Through no fault of our own, our lawn this year is rather healthy. We are required to mow it frequently or it takes over the world. And it is actually green. Sigh. It's not that I don't like green grass...I just don't expect it in my yard. And I hate taking care of it. (Or rather, paying a kid to take care of it, or bugging my husband to take care it of it, cuz I don't do lawn mowing.) But here is the real rub -- we now fit in on our street. Ouch. That's what I think. I derive a certain kind of embarrassed yet tickled pink pleasure from thwarting our neighbors' efforts at perfection. Sad, I know. But I'm just sick that way.

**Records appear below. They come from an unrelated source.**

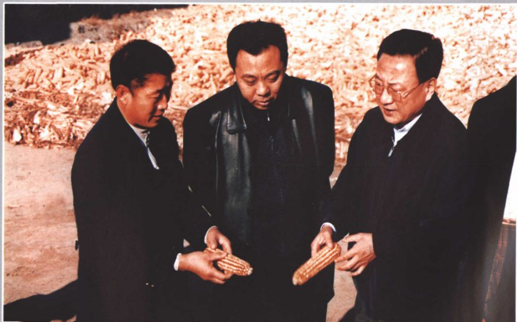
◆ 副省长申立国到林甸检查粮食生产
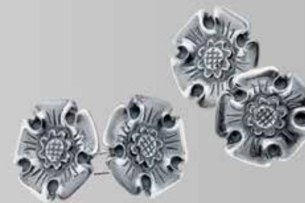
Trønderrose. Fra Juul. Nr. 23
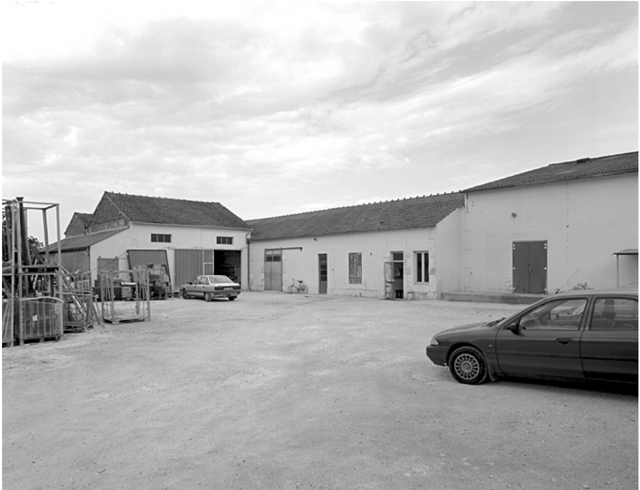
Logement et caséinerie vus du nord est.

My question...how do I now fight conformity? Scott is not on board with putting a pumpkin patch in the front yard. Party pooper. So what? While I was pondering what I could put in my front lawn (pink flamingos...grave stones...picket signs with naughty phrases...) I realized I was fighting conformity for the sake of fighting conformity. Is this the proper method? Shouldn't I have a reason, or a motivation to express myself, or something more noble than a "stick my tongue out at all you hard working lawn Nazis?" Hmmm.
Big metal pumpkins? The leaning tower of dirty diapers? I'd go with zeroscaping, but that is expensive. Signs about ADHD? Or maybe just a big tongue?